(HOW TO COMPLETE THIS TASK):
Your output should be everything below from the line containing "12月3日,生物工程专业一行" down to the line containing "董晓群老师以《内见自己,外见", both ends included, copied exactly, with pictures left out.
(DATA FOR ANALYSIS Opens)
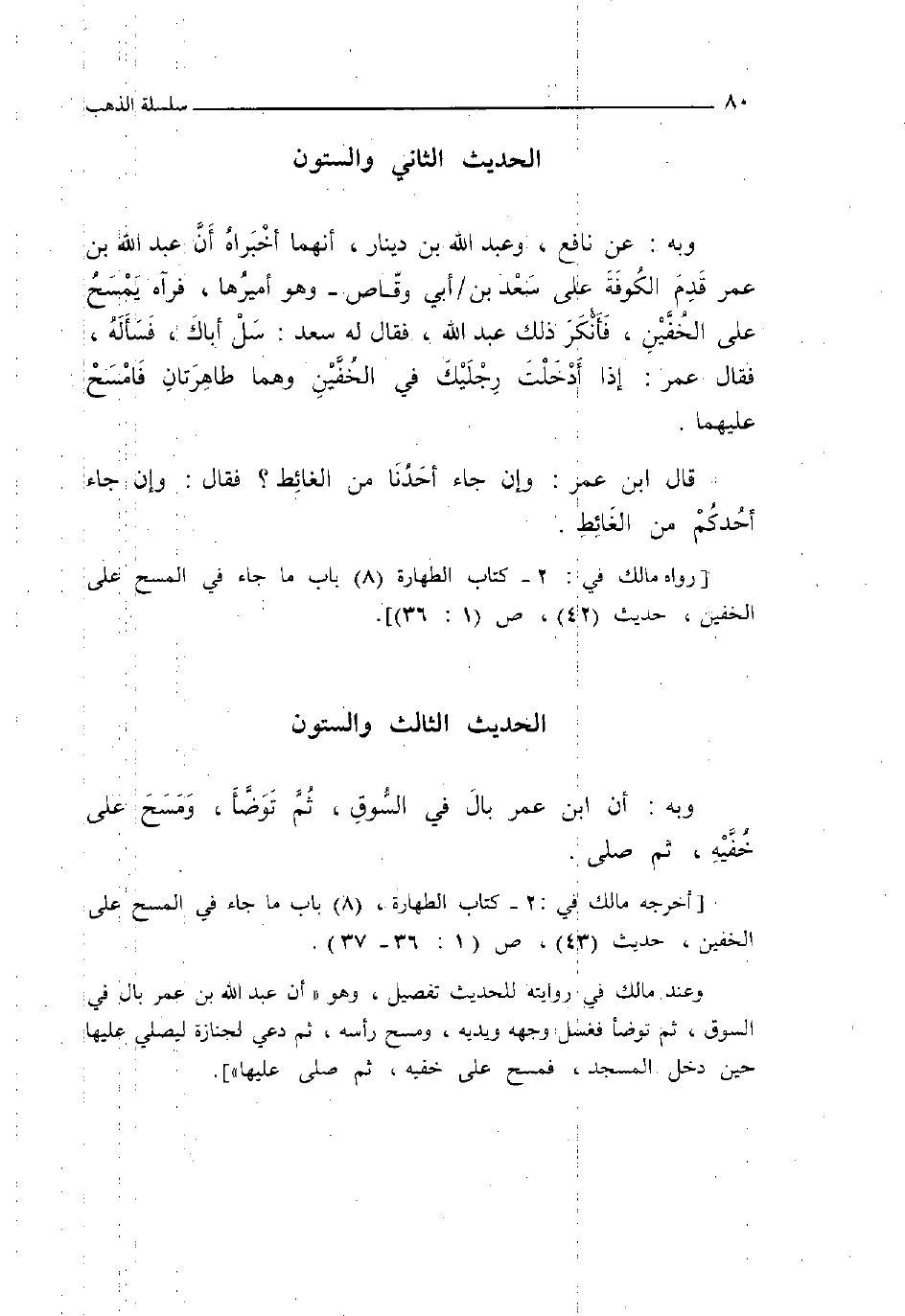 62 - وَبِه عَن نَافِع وَعبد الله بن دِينَار أَنَّهُمَا أخبراه أَن عبد الله بن عمر قدم الْكُوفَة على سعد بن أبي وَقاص وَهُوَ أميرها فَرَآهُ يمسح على الْخُفَّيْنِ فَأنْكر ذَلِك عبد الله فَقَالَ لَهُ سعد سل أَبَاك فَسَأَلَهُ فَقَالَ عمر إِذا أدخلت رجليك فِي الْخُفَّيْنِ وهما طاهرتان فامسح عَلَيْهِمَا
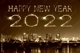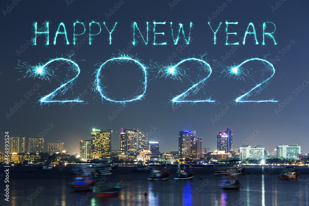 2022 Happy new year firework Sparkle over Pattaya cityscape at night, Thailand
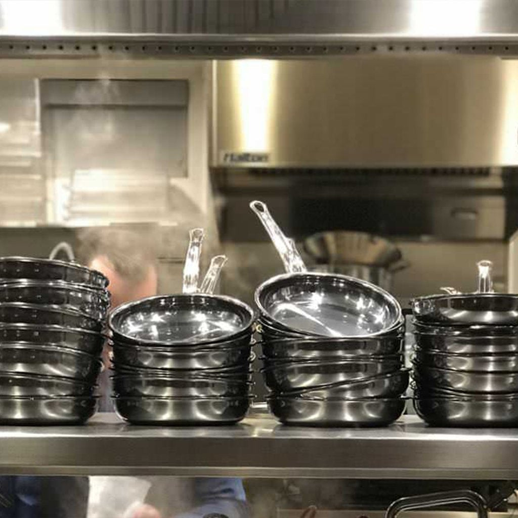 NanoBond was designed to deliver exceptional results in professional kitchens. So it should provide a lifetime of brilliant performance in yours. Not only is the cooking surface exceptionally resilient, it’s remarkably easy to clean – and flush rivets prevent food particle build up. NanoBond is high-heat tolerant to 1050°F. So it’s perfect for searing meats or even cooking on the grill.
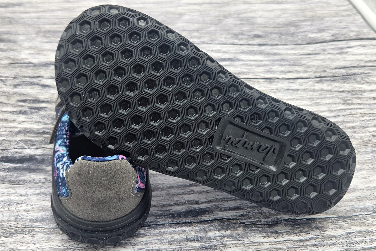Nízká vycházková obuv s měkkou podešví. Krásně se přizpůsobí dětským nožkám, sedí na nožku širší v prstech, normální nárt. Tenisky jdou dobře dotáhnout na úzký kotník.
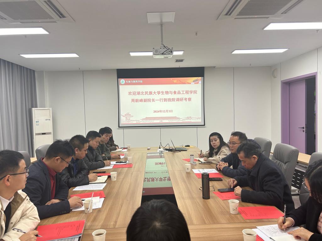 12月3日,生物工程专业一行人首先前往宜昌三峡大学,与三峡大学生物与制药学院的何正权副院长、龚大春教授、涂璇副教授进行座谈交流。会议重点聚焦工程认证培训和一流专业建设经验,探讨了地区特色课程设计、精品课程建设、双语教学推广、国际交流合作以及实习实训模式优化等内容。三峡大学代表详细介绍了国家一流专业建设中的创新实践和成效,并分享了在工程认证中的宝贵经验。双方围绕特色课程开发与国际化教育路径等议题深入探讨,提出一系列建设性建议,为生物工程专业优化课程设置提供了新思路。
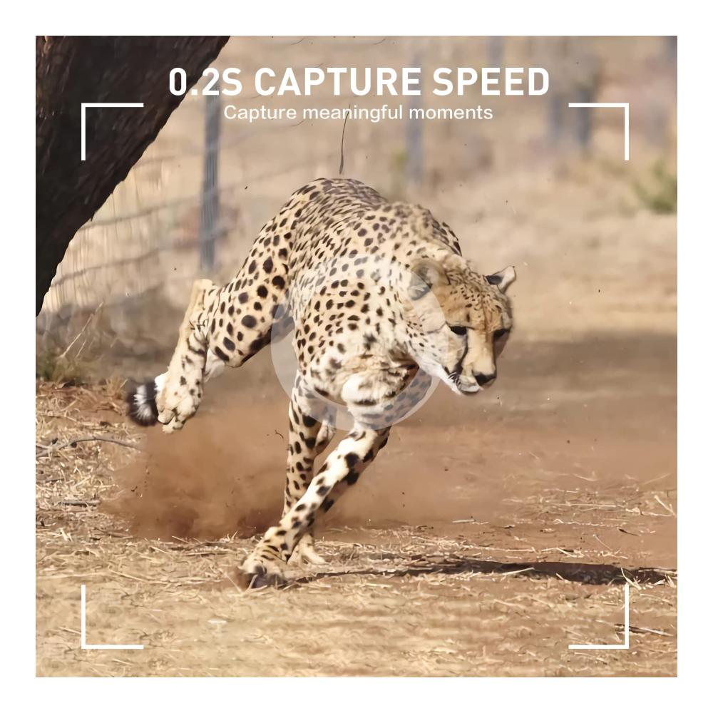Die Auslösereaktionszeit der wildtierkamera beträgt 0.2s, was bedeutet, dass die Kamera in 0.2s reagiert und Bilder oder Videos aufnimmt, sobald ein Tier erscheint.
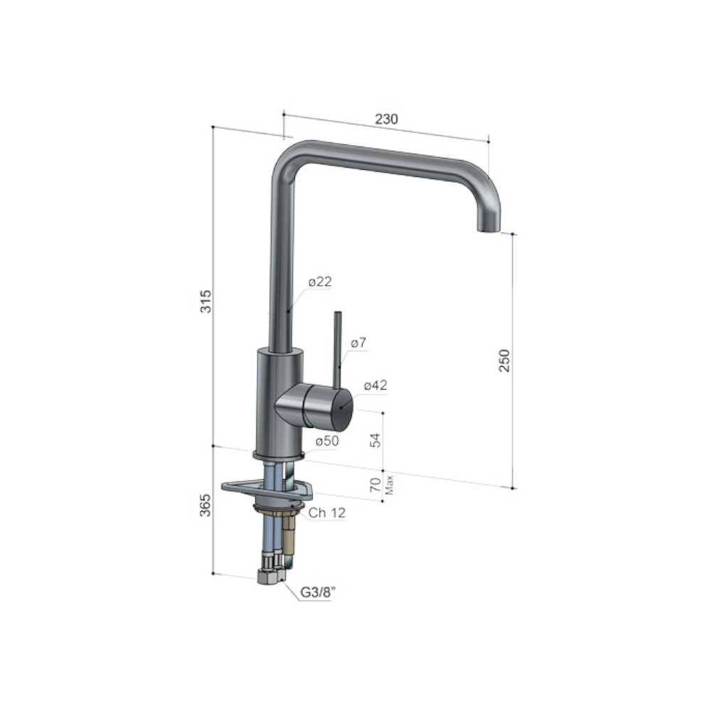 Wysokość wylewki: 250 mm
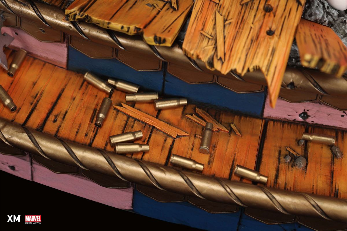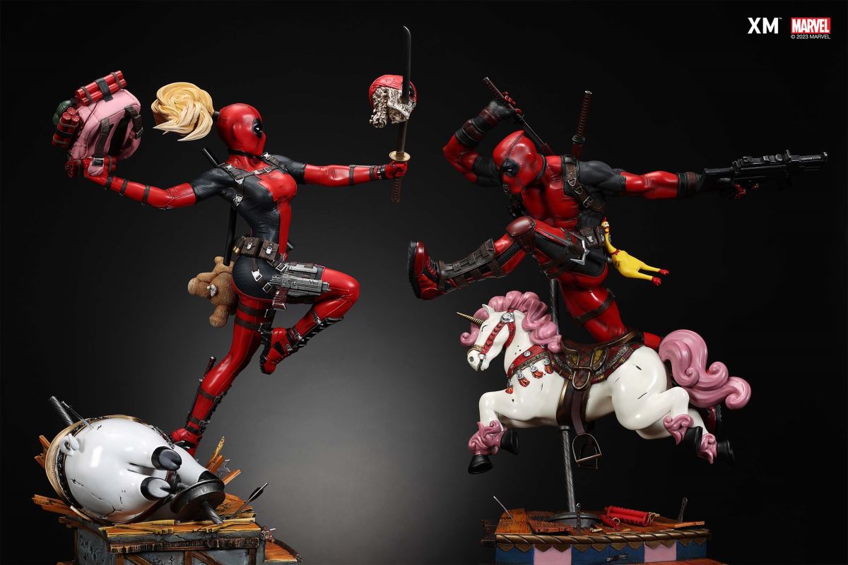 • Highly detailed sculpt of Lady Deadpool on a destroyed merry-go-round
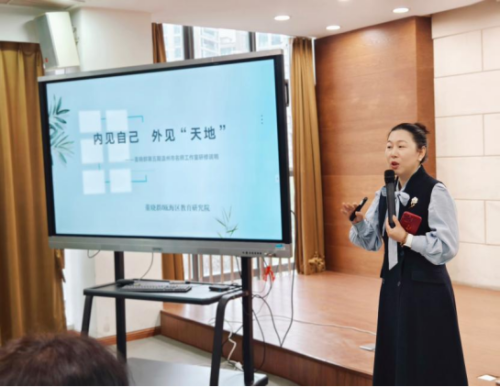 董晓群老师以《内见自己,外见“天地” 》为主题分享寄语,她结合自身教育经验,叮嘱学员们要沉心静气,看清教育本质,勇于突破自我。她的话语如明灯,为学员们的专业成长指明方向;她的教育热忱,更深深感染了在场每一位教师。
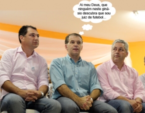 O clic é da abertura da fase regional dos 60º Jogos Escolares do Paraná, nesta segunda-feira, em Mamborê. O secretário de Estado Evandro Rogério Roman (Esportes) esteve por lá e ficou entre o prefeito Nei Calori e o deputado Douglas Fabrício. Roman é aquele mesmo, o árbitro de futebol. Viu só a vantagem, sem uniforme pode o ginásio estar lotado que ninguém xinga...
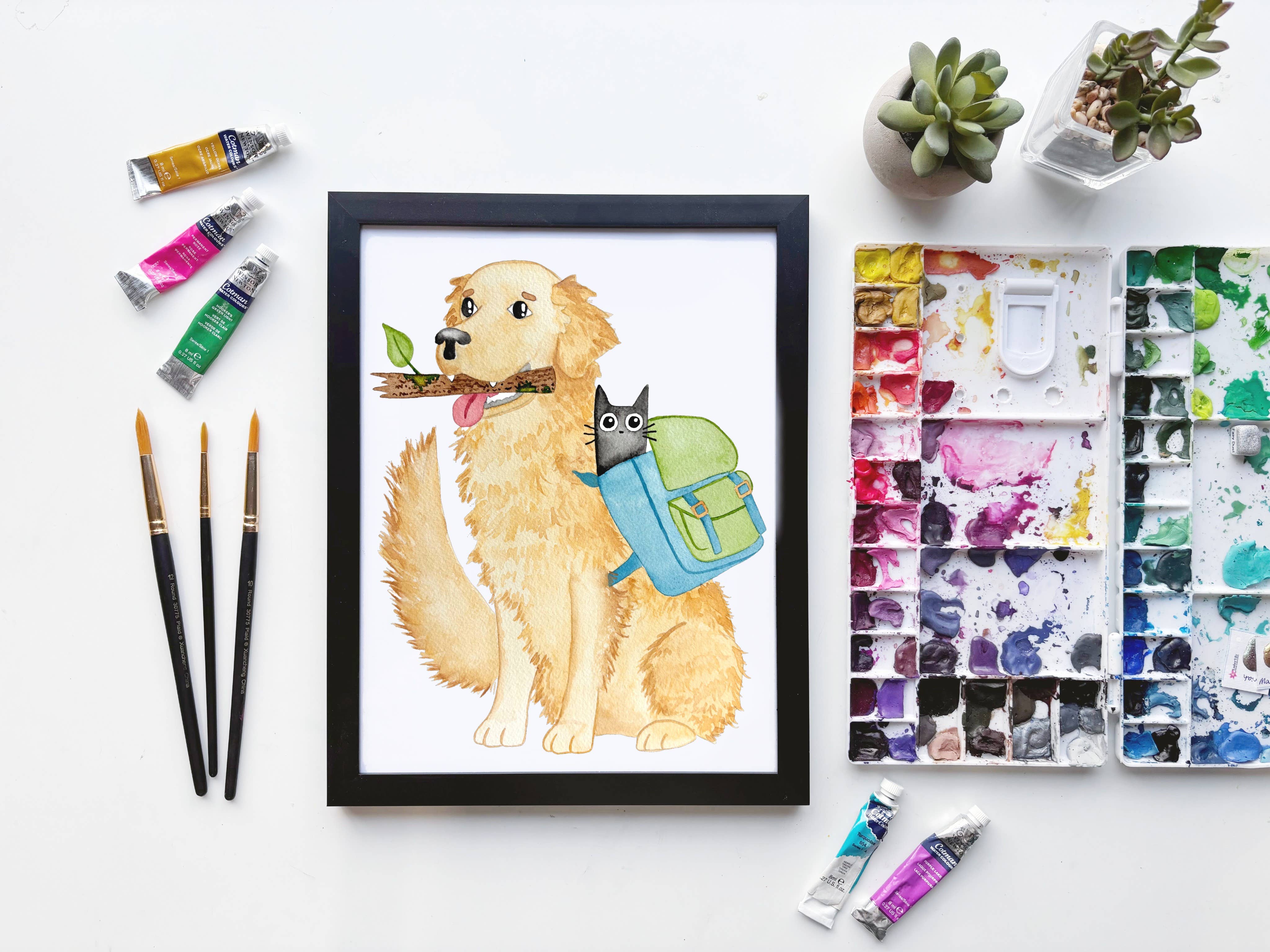 Adventure Awaits Print is a reproduction of my original watercolor and gouache painting; two foxes set out on an adventure and are admiring the views from the top of their hike, could be a great fit for many different types of occasions or wall decor for any nature or outdoors loving individual. Printed on Premium Presentation Matte Paper using high quality inkjet inks and signed on the front. Your print will be carefully packaged with an archival backing board in a protective cellophane cover, then wrapped in bubble wrap all inside a rigid mailer to ensure it's protected during shipping. Wooden frame not included. All of my prints are currently available in either 8”x10” or 11”x14” - please choose your desired size. I attempt to ship out all orders as quickly as possible, but ensure that everything is shipped within a maximum of three business days. Thank you for shopping at Little Pine Artistry!
(DATA FOR ANALYSIS Closes)
(PROBLEM SOLUTION):
 12月3日,生物工程专业一行人首先前往宜昌三峡大学,与三峡大学生物与制药学院的何正权副院长、龚大春教授、涂璇副教授进行座谈交流。会议重点聚焦工程认证培训和一流专业建设经验,探讨了地区特色课程设计、精品课程建设、双语教学推广、国际交流合作以及实习实训模式优化等内容。三峡大学代表详细介绍了国家一流专业建设中的创新实践和成效,并分享了在工程认证中的宝贵经验。双方围绕特色课程开发与国际化教育路径等议题深入探讨,提出一系列建设性建议,为生物工程专业优化课程设置提供了新思路。
Die Auslösereaktionszeit der wildtierkamera beträgt 0.2s, was bedeutet, dass die Kamera in 0.2s reagiert und Bilder oder Videos aufnimmt, sobald ein Tier erscheint.
 Wysokość wylewki: 250 mm
 • Highly detailed sculpt of Lady Deadpool on a destroyed merry-go-round
 董晓群老师以《内见自己,外见“天地” 》为主题分享寄语,她结合自身教育经验,叮嘱学员们要沉心静气,看清教育本质,勇于突破自我。她的话语如明灯,为学员们的专业成长指明方向;她的教育热忱,更深深感染了在场每一位教师。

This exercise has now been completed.